++++ Provided data ++++
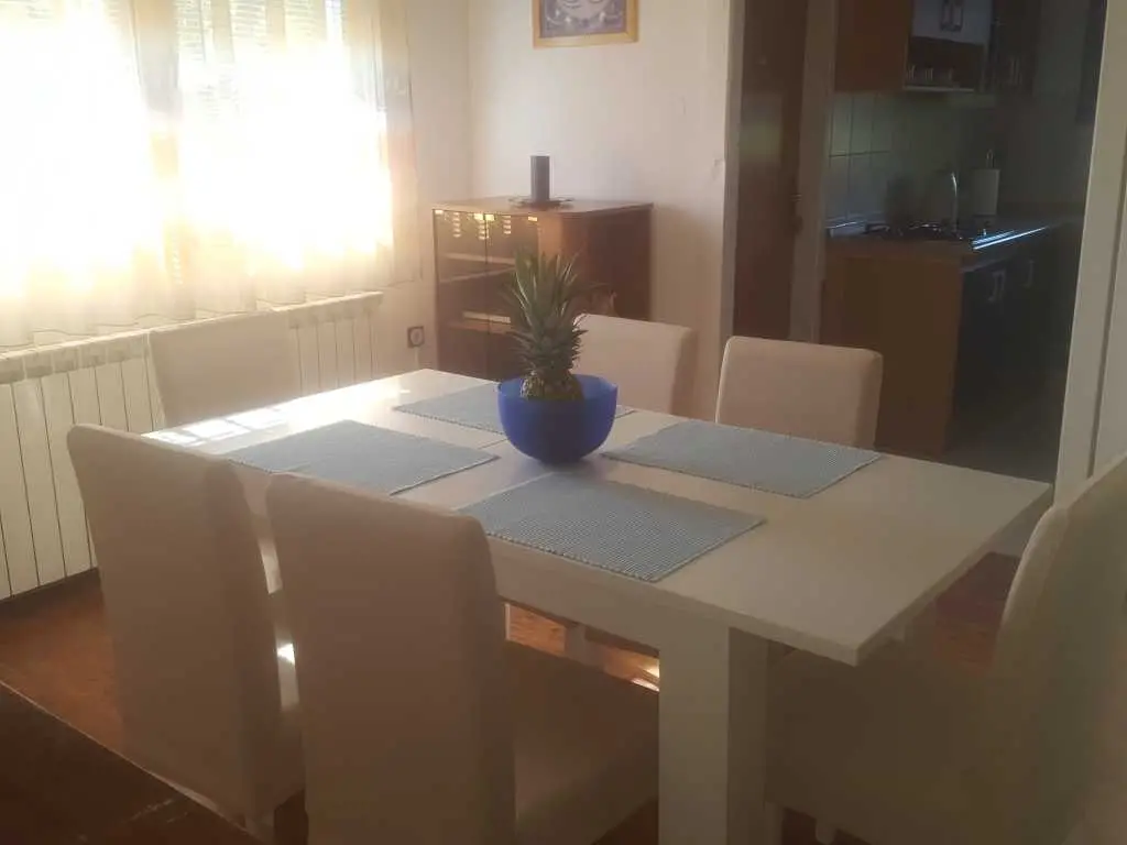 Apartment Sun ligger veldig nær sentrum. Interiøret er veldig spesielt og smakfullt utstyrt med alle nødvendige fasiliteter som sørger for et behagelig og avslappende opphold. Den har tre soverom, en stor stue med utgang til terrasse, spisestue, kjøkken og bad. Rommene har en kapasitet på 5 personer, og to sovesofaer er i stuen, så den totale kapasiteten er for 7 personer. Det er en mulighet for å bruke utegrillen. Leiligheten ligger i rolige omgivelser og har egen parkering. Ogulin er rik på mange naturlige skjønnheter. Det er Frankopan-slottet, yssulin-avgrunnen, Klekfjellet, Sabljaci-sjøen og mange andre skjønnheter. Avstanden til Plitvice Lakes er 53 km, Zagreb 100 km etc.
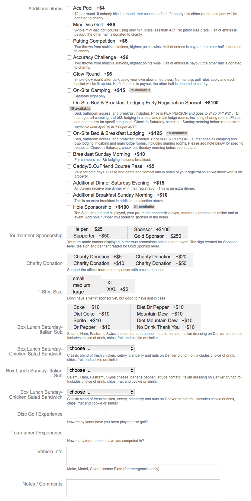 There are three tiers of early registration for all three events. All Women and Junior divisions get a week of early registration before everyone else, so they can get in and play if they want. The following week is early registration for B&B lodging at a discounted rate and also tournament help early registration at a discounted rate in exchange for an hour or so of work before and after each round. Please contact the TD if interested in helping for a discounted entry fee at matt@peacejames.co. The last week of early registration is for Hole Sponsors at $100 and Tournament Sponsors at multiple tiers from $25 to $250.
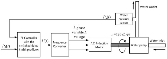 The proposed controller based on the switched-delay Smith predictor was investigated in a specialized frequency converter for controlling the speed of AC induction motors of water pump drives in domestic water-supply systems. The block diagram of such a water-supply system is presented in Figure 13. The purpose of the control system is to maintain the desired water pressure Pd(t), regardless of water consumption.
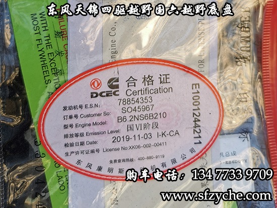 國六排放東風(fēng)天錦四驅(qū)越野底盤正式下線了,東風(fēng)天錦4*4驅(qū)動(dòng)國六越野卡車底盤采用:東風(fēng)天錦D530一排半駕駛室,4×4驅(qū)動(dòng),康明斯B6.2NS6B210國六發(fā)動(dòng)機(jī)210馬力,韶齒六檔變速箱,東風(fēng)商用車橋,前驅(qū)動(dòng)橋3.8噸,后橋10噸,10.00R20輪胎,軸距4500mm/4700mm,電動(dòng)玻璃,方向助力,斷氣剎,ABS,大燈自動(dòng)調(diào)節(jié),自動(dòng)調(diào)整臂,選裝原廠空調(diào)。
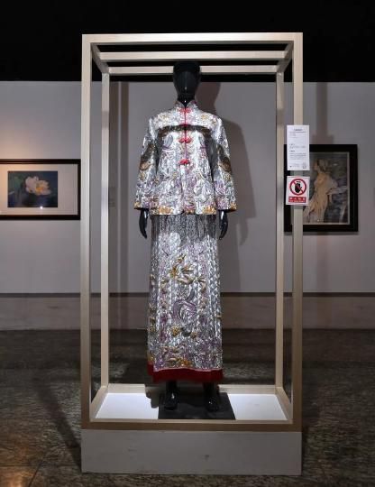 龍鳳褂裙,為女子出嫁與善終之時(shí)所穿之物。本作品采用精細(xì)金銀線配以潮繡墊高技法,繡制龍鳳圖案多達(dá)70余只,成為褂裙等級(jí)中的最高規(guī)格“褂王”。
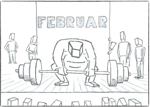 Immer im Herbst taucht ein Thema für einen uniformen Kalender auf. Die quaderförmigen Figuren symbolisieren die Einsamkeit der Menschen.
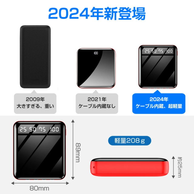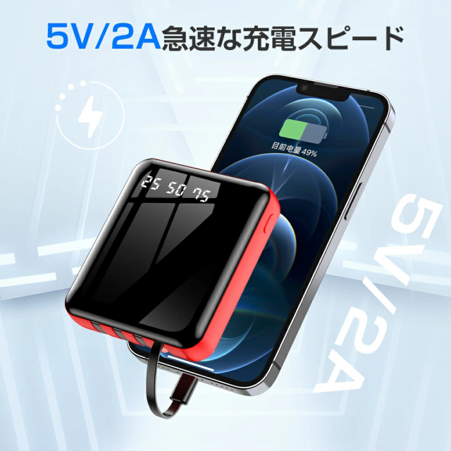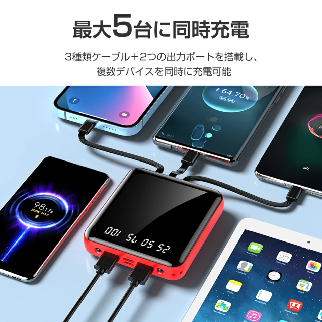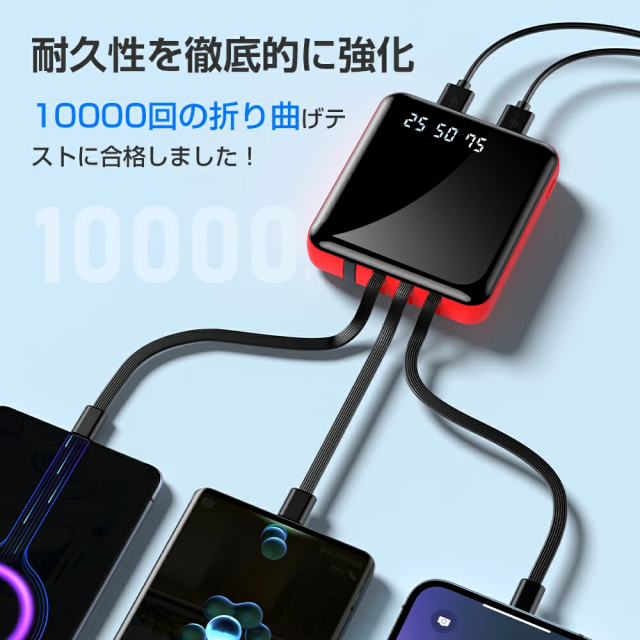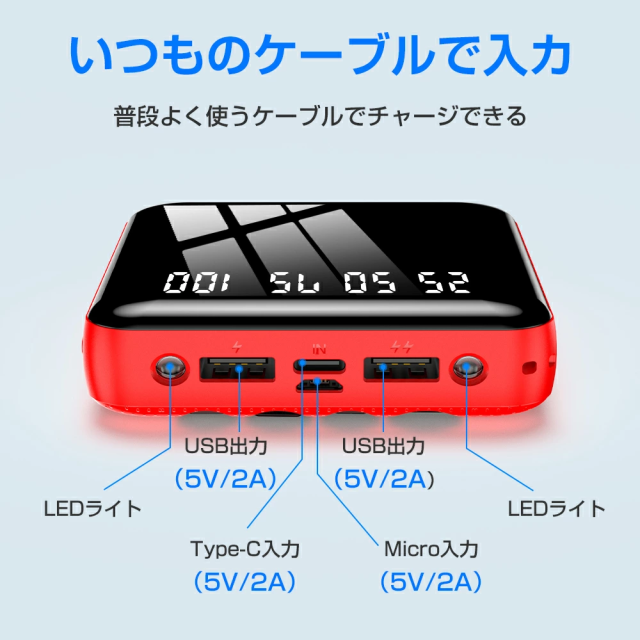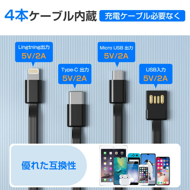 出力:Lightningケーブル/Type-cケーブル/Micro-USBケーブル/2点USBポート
++++
++++ Provided data ++++
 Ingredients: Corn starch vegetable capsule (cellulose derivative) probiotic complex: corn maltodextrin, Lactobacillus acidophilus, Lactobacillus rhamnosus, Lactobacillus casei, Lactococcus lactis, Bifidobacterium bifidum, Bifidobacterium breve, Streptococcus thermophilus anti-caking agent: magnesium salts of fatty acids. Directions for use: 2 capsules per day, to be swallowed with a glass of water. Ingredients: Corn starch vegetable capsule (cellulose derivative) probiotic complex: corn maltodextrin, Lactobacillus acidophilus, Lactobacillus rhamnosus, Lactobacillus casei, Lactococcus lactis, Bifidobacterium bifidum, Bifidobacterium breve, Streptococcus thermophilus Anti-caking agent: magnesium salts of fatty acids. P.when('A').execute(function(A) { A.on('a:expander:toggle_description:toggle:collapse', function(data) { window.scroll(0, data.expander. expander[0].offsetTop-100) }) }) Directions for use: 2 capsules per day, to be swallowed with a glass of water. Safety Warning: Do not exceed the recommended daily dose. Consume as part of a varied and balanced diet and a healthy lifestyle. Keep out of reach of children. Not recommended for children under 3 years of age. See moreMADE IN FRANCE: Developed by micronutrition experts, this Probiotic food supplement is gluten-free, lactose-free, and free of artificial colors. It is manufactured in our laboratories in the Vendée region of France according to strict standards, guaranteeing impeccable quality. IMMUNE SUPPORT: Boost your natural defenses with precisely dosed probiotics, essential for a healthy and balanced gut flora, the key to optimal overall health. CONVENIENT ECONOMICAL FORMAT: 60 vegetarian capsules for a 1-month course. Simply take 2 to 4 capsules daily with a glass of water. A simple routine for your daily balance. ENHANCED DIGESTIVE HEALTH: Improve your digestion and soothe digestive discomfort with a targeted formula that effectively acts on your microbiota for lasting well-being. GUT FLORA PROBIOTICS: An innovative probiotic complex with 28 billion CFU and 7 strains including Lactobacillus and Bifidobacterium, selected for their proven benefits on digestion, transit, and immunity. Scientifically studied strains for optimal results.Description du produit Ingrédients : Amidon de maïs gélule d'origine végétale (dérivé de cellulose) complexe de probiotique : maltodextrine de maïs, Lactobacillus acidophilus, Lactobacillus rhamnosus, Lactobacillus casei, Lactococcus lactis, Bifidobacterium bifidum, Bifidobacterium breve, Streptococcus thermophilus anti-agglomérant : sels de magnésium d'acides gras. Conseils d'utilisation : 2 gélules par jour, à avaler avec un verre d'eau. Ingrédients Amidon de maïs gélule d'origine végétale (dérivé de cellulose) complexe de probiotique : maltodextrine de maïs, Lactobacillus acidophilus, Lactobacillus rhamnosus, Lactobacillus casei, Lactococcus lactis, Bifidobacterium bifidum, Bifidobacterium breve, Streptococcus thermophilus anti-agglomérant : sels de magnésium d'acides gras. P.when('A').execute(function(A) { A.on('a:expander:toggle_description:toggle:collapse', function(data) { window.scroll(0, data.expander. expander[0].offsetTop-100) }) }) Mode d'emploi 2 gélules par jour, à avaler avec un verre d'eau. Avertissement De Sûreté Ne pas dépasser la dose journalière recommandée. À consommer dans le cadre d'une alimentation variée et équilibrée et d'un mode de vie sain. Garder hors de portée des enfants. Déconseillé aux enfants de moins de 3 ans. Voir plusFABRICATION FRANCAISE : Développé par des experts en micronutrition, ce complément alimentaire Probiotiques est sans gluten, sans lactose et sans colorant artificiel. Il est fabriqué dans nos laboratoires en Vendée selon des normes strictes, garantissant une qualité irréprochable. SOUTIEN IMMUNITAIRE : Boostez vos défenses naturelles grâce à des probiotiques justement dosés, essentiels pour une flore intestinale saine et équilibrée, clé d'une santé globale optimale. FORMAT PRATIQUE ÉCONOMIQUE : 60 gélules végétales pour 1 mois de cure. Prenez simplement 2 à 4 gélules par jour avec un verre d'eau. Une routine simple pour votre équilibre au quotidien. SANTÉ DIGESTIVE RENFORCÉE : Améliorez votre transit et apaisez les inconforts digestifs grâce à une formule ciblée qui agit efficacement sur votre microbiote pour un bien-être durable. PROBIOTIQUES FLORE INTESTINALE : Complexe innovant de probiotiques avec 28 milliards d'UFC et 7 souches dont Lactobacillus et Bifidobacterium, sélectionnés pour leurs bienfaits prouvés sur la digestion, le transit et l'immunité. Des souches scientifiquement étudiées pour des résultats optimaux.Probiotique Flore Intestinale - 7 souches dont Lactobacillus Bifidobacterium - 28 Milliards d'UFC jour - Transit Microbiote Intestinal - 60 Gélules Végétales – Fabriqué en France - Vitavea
++++
++++ Provided data ++++
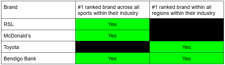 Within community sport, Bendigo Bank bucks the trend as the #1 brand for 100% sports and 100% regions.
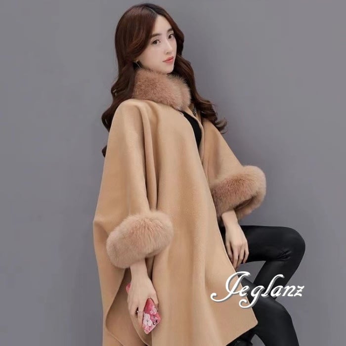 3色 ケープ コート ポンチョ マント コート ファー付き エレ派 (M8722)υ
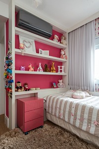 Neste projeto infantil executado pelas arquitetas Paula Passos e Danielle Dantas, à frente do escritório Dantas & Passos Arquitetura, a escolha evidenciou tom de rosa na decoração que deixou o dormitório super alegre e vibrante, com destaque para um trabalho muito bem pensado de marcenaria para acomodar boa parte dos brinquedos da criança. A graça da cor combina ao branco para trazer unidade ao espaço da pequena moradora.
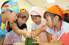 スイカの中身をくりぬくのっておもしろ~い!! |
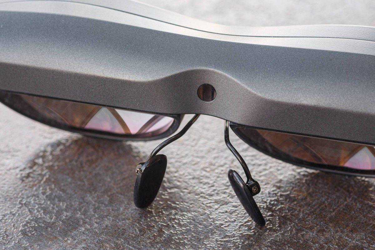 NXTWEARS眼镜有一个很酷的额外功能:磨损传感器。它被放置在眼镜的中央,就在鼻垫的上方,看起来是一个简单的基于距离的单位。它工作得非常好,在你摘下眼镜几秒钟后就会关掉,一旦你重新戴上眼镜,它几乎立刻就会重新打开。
++++
Using the listing above, repeat word for word each line from the one with "3色 ケープ コート ポンチョ マント コート ファー付き エレ派 (M8722)υ" down to the one with "NXTWEARS眼镜有一个很", both included. Omit all pictures.

 3色 ケープ コート ポンチョ マント コート ファー付き エレ派 (M8722)υ
 Neste projeto infantil executado pelas arquitetas Paula Passos e Danielle Dantas, à frente do escritório Dantas & Passos Arquitetura, a escolha evidenciou tom de rosa na decoração que deixou o dormitório super alegre e vibrante, com destaque para um trabalho muito bem pensado de marcenaria para acomodar boa parte dos brinquedos da criança. A graça da cor combina ao branco para trazer unidade ao espaço da pequena moradora.
 スイカの中身をくりぬくのっておもしろ~い!! |
 NXTWEARS眼镜有一个很酷的额外功能:磨损传感器。它被放置在眼镜的中央,就在鼻垫的上方,看起来是一个简单的基于距离的单位。它工作得非常好,在你摘下眼镜几秒钟后就会关掉,一旦你重新戴上眼镜,它几乎立刻就会重新打开。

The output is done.